◆ Exercise details
In the entries below, which lines run from the one with "1 db névre szóló" through the one with "Εισάγοντας το ευφυές"? Repeat exactly those, both included, and no pictures.
+ + + + +
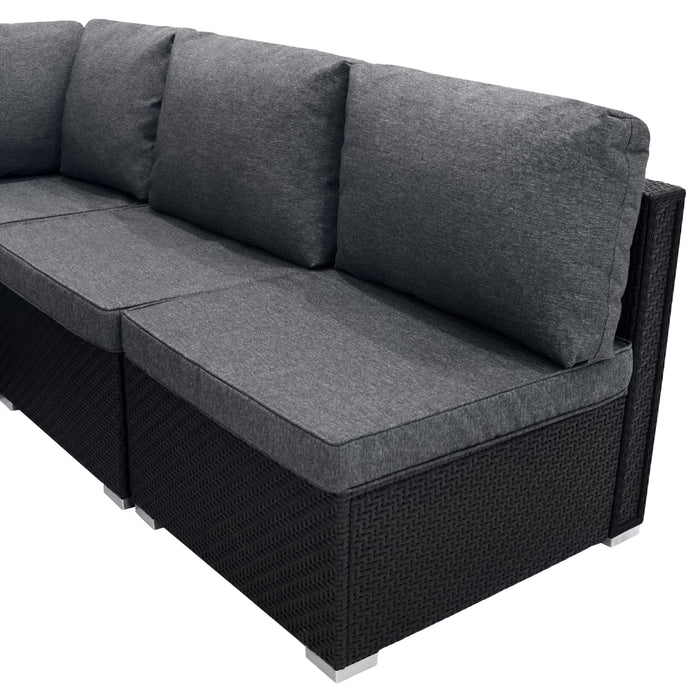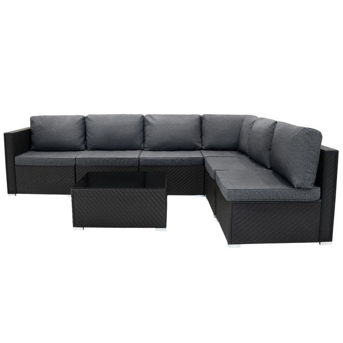 Rattan Modular 7 Piece Furniture Set - Black
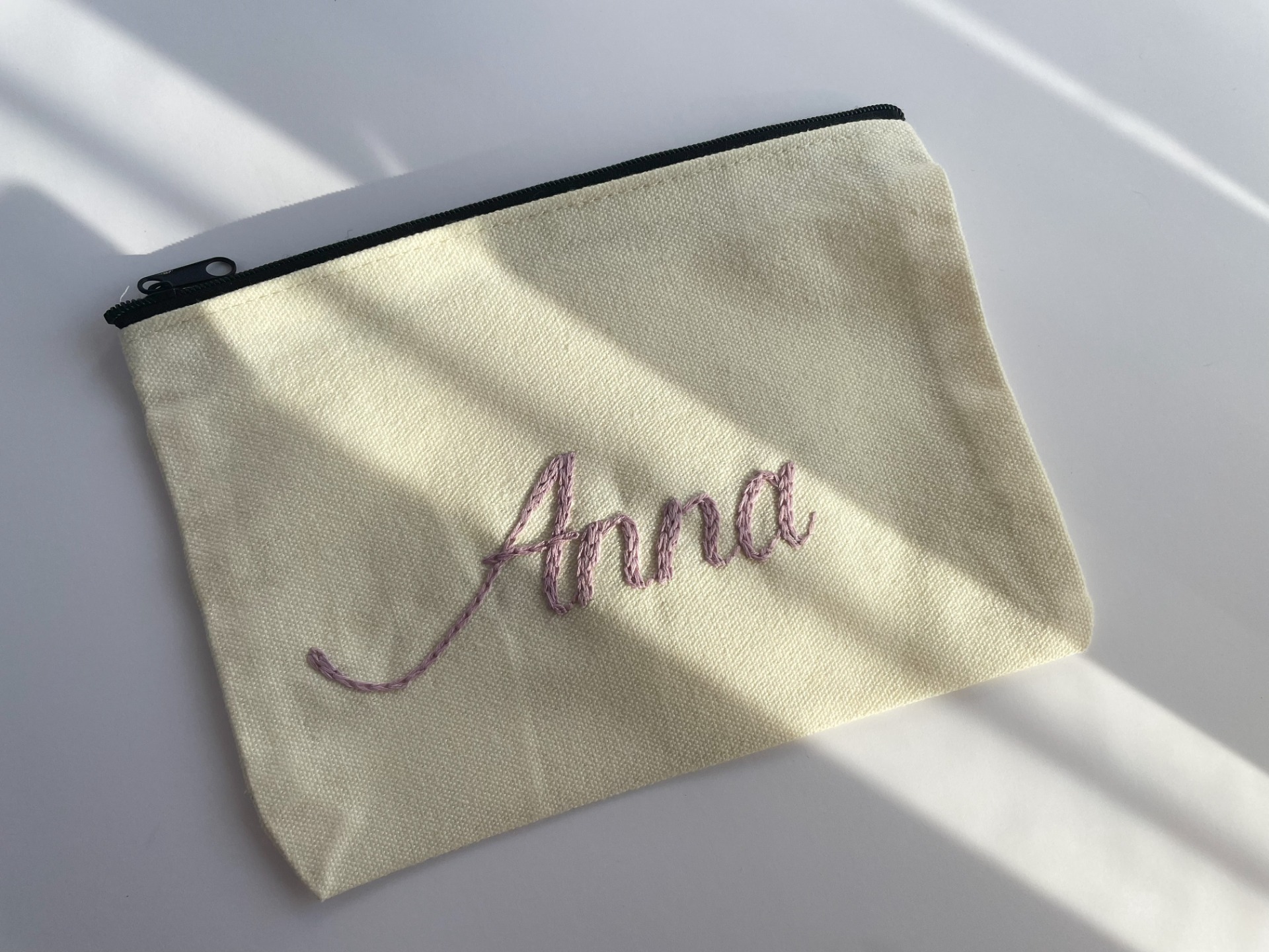 1 db névre szóló neszesszer - bézs, 14 × 20 cm méretű, cipzáras, vászonszövet anyagból
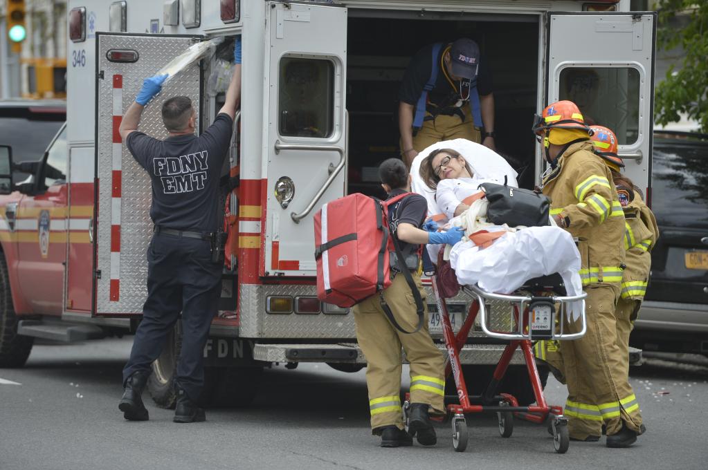 2014年5月2日,在美国纽约皇后区发生地铁列车脱轨的地段,一名受伤乘客被救援人员送上救护车。新华社记者王雷摄
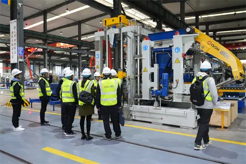 Εισάγοντας το ευφυές εργαστήριο παραγωγής του QMG, οι επισκέπτες παρατήρησαν την πλήρως αυτόματη μηχανή σχηματισμού μπλοκ κοντά. Το σώμα του μηχανήματος ζυγίζει εκατοντάδες τόνους, το υδραυλικό σύστημα με μετάδοση ακριβείας, τη μονάδα μούχλας με προσαρμόσιμη αλλαγή ... "Αυτός ο εξοπλισμός προσαρμόζεται γρήγορα στις ανάγκες των πελατών μέσω του Modular Design. «
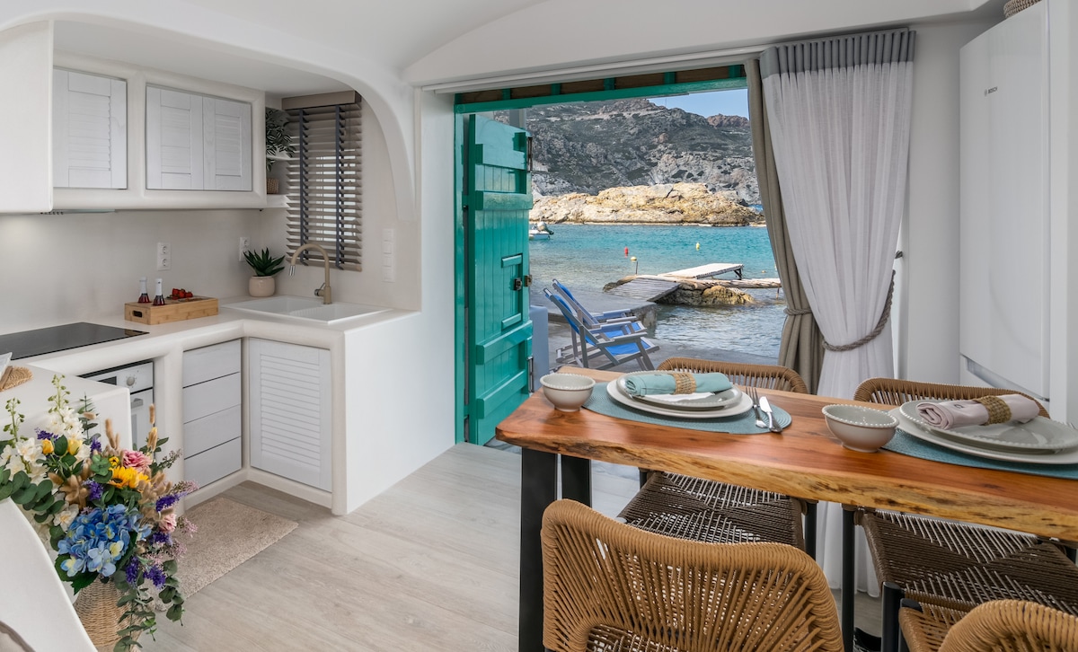 カラフルな土地「Syrma」は、部分的に洞窟のようなボートハウスで、2022年に完全に改装され、快適さ、リラクゼーション、西ミロスの丘の素晴らしい景色を提供します。 キクラデス建築の価値観と贅沢な雰囲気が融合したデザイン哲学です。 統一されたアーチ型のインテリアには、キッチン、リビングルーム、バスルームに接続された高さのあるキングサイズベッドがあります。 考古学的価値のある丘に囲まれ、海に面しています。
+ + + + +
◆ Response to this task
 1 db névre szóló neszesszer - bézs, 14 × 20 cm méretű, cipzáras, vászonszövet anyagból
 2014年5月2日,在美国纽约皇后区发生地铁列车脱轨的地段,一名受伤乘客被救援人员送上救护车。新华社记者王雷摄
 Εισάγοντας το ευφυές εργαστήριο παραγωγής του QMG, οι επισκέπτες παρατήρησαν την πλήρως αυτόματη μηχανή σχηματισμού μπλοκ κοντά. Το σώμα του μηχανήματος ζυγίζει εκατοντάδες τόνους, το υδραυλικό σύστημα με μετάδοση ακριβείας, τη μονάδα μούχλας με προσαρμόσιμη αλλαγή ... "Αυτός ο εξοπλισμός προσαρμόζεται γρήγορα στις ανάγκες των πελατών μέσω του Modular Design. «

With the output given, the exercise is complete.